A ordem jurídica inaugura uma nova etapa. Os crimes dolosos contra a vida desde 1996 não são mais de competência da Justiça castrense. Há desta feita a modificação da competência em razão da matéria, em termos absolutos. Se o crime não é mais da alçada da justiça militar, sendo comum, portanto, não há razão de ser continuar sendo apurado pela Polícia Militar. É certo que o artigo 82 determina que o IPM será encaminhado à justiça comum, mas seguramente trata-se de uma norma de transição. Os expedientes em andamento serão remetidos á Justiça Comum e os novos ficarão a cargo da Polícia Civil. Outro entendimento é puro contorcionismo hermenêutico ou corporativismo questuário.

O último ponto de discórdia é a da legitimidade em torno da investigação. Investigar deve ser uma coisa muito boa, deve causar êxtase ou qualquer outra sensação de bem-estar. Todo mundo quer investigar. Existem duas formas de investigações: uma militar e outra civil. Se a infração penal for militar, do tipo deserção ou pederastia, artigos 187 e 235 do CPM, respectivamente, a atribuição é sem dúvidas da autoridade militar designada para o ato.

Art. 187. Ausentar-se o militar, sem licença, da unidade em que serve, ou do lugar em que deve permanecer, por mais de oito dias:

        Pena – detenção, de seis meses a dois anos; se oficial, a pena é agravada.

Art. 235. Praticar, ou permitir o militar que com ele se pratique ato libidinoso, homossexual ou não, em lugar sujeito a administração militar:

        Pena – detenção, de seis meses a um ano.

Se a infração penal for comum, depende do bem jurídico ofendido. Se for bem, serviços ou interesse da União, entra em cena a competente e valiosa Polícia Federal. Caso contrário, a atribuição pertence às polícias civis dos estados. O iluminado Professor e Delegado de Polícia, Dr. Jesus Trindade, assim definiu a investigação realizada pela Polícia:

“A polícia brasileira é pautada pelo poder punitivo. A polícia de investigação se limita a produzir provas para incriminar o autor do crime sem avaliar as razões subjetivas que o levaram a cometer o crime”. ”A polícia investigativa, quando tem que fazer essa tarefa de levantar as evidências do crime, ela necessariamente passa por todos os aspectos subjetivos desse crime. Ou seja, consegue perceber sentimentos, aspirações, os corações e as mentes das pessoas envolvidas no fenômeno criminal. É essa lógica que precisa ser levada em conta para que possamos saber como a investigação pode ajudar a recompor o imaginário coletivo em relação ao problema da criminalidade”.

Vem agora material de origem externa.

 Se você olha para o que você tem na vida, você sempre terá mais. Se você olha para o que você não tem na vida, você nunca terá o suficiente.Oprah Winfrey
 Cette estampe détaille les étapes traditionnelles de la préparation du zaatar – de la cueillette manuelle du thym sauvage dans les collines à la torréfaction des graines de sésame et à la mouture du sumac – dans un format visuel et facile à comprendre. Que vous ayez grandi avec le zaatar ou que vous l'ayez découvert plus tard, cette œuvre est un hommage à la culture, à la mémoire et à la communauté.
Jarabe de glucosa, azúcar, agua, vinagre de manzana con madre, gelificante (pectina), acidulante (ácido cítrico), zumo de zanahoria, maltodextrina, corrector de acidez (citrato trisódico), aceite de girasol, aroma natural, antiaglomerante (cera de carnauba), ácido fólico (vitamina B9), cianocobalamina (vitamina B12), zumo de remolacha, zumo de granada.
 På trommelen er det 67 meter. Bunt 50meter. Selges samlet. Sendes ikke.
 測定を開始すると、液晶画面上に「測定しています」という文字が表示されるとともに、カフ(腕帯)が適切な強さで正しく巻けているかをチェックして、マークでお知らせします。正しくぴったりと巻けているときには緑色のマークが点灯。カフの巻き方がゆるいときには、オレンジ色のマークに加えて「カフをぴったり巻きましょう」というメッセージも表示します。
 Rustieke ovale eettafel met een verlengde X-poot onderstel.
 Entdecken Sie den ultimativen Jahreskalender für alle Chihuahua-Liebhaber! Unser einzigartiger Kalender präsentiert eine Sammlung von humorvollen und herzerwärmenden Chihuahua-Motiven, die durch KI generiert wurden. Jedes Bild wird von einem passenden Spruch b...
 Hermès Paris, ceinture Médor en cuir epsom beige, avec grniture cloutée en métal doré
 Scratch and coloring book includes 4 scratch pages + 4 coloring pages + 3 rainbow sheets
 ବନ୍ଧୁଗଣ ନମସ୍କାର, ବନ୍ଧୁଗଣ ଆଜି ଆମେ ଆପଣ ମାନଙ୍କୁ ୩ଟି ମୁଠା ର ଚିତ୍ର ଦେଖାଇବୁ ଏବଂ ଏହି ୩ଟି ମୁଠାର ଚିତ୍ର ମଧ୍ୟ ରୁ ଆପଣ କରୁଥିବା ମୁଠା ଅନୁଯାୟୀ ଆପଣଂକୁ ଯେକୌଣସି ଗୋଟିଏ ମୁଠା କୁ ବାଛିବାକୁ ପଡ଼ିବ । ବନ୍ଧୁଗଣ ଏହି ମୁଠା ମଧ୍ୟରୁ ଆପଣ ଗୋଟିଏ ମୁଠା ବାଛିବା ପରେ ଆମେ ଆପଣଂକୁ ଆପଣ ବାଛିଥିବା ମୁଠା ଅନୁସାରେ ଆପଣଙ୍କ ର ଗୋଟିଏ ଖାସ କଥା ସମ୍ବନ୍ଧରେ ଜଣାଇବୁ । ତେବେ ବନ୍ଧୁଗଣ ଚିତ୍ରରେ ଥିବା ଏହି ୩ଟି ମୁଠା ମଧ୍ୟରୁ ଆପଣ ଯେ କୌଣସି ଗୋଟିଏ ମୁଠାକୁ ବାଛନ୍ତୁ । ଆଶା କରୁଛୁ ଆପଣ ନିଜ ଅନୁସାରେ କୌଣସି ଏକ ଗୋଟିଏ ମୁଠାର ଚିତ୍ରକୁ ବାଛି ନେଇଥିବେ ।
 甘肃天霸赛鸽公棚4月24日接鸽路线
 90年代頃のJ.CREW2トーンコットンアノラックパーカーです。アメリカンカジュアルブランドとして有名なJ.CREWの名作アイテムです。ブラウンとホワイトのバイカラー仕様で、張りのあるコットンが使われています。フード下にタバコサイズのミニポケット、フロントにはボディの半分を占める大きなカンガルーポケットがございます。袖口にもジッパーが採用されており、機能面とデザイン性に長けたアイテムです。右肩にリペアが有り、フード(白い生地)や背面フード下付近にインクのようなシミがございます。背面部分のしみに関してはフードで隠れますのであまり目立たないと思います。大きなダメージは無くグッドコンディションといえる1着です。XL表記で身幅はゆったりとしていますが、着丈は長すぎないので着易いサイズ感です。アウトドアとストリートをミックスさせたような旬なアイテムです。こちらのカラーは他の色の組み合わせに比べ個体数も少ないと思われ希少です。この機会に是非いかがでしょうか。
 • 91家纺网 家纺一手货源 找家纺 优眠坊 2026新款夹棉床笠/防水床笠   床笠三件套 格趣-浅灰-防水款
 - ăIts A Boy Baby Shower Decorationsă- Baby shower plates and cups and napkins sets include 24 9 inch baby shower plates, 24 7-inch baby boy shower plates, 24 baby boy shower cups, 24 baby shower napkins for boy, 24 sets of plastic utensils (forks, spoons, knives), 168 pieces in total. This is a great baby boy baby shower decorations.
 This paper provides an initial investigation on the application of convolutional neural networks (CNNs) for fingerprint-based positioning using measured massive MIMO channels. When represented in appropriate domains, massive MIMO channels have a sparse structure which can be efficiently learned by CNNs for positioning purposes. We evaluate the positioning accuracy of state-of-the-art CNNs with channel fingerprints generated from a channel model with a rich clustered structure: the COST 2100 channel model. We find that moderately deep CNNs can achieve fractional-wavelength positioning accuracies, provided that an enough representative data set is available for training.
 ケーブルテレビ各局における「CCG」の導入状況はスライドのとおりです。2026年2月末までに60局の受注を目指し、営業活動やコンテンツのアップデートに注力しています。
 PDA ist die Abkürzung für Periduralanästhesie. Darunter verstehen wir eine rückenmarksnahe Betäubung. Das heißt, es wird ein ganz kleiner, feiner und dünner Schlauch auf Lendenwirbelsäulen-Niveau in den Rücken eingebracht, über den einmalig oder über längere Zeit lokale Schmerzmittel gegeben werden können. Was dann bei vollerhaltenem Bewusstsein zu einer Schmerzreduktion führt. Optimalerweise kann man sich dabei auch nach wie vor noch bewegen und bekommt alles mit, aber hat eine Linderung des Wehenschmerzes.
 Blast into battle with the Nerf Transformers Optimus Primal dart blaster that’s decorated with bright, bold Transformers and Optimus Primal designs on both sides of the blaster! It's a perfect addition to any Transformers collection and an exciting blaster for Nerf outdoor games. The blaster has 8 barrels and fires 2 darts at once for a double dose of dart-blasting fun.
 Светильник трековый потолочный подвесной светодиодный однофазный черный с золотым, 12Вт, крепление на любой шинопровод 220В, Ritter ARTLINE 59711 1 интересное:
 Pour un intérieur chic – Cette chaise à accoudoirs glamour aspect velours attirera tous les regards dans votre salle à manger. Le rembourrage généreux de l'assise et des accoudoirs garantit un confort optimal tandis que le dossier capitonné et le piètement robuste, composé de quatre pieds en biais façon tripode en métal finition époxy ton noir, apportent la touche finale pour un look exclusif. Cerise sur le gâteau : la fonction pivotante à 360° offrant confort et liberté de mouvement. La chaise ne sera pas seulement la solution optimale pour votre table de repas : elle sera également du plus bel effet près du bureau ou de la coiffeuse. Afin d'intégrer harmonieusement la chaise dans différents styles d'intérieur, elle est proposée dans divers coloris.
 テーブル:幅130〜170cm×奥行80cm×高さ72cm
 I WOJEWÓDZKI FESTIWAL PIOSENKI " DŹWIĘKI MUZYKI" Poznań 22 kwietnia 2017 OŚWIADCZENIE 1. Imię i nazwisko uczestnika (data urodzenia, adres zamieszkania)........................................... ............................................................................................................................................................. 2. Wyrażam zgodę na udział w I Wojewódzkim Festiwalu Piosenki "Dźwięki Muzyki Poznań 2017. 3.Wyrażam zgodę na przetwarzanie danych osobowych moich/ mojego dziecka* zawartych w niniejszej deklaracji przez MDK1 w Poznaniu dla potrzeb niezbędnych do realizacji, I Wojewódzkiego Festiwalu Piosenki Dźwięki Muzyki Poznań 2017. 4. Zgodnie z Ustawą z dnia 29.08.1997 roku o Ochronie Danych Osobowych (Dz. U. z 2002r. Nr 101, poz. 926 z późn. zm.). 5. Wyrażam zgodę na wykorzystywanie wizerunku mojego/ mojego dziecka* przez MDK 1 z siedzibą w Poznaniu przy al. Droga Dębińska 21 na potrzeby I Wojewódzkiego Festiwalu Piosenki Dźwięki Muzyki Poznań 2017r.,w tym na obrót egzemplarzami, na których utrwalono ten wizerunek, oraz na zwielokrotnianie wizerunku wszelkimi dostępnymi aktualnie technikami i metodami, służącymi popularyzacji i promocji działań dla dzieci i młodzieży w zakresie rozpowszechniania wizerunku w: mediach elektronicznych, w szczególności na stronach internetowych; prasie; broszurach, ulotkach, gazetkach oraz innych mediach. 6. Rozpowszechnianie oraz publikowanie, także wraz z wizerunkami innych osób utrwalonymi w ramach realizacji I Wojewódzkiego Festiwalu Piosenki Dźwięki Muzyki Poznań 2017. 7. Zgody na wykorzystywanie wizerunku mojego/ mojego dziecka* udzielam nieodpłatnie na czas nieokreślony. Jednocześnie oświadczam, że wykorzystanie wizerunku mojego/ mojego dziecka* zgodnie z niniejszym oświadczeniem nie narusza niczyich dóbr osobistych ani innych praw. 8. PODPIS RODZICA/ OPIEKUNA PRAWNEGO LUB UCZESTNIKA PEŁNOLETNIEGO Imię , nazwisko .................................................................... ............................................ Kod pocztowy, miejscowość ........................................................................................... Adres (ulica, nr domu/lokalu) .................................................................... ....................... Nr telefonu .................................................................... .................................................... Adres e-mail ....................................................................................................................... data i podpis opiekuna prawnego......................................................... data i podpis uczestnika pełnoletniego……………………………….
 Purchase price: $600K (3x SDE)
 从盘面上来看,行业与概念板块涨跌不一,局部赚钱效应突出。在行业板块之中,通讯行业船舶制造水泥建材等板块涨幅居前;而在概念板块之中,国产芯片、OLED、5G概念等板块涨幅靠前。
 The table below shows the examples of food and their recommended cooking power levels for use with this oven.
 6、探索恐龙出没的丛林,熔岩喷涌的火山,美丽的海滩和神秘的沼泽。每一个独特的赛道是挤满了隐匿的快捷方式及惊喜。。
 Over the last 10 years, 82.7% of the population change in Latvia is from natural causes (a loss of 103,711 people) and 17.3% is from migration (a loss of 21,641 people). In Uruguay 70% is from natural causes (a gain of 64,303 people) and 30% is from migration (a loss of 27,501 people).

Se a hipótese for a prevista no artigo 58 da Constituição, entra em cena a Comissão Parlamentar de Inquérito. Se for no âmbito da Câmara Federal ou Senado Federal, lá estará a Polícia da Instituição interessada. É fácil, não é?

Mas não é tão simples assim. Existem interesses outros por trás dessa faminta ambição investigativa. O certo é que essa confusão criada para turbar a lei em vigor pode causar insegurança jurídica, em detrimento da proteção social. Todo mundo quer investigar, alegando de forma leviana até a teoria dos poderes implícitos para os casos selecionados, ou quem pode o mais pode o menos, mas ninguém quer discutir quem tem legitimidade para subir a favela e correr atrás do traficante. Essa função deve ser da Polícia Civil, mesmo porque não tem visibilidade midiática, isto é, se não cair nenhum helicóptero.

Não existe nenhum cinturão de segurança realizado por uma única Instituição de Segurança Pública. Nenhuma é mais importante que a outra. Uma pode até aparecer mais que outra, por questões de vaidade ou fome de aparecer, mas todas têm o seu valor, sua função e sua utilidade.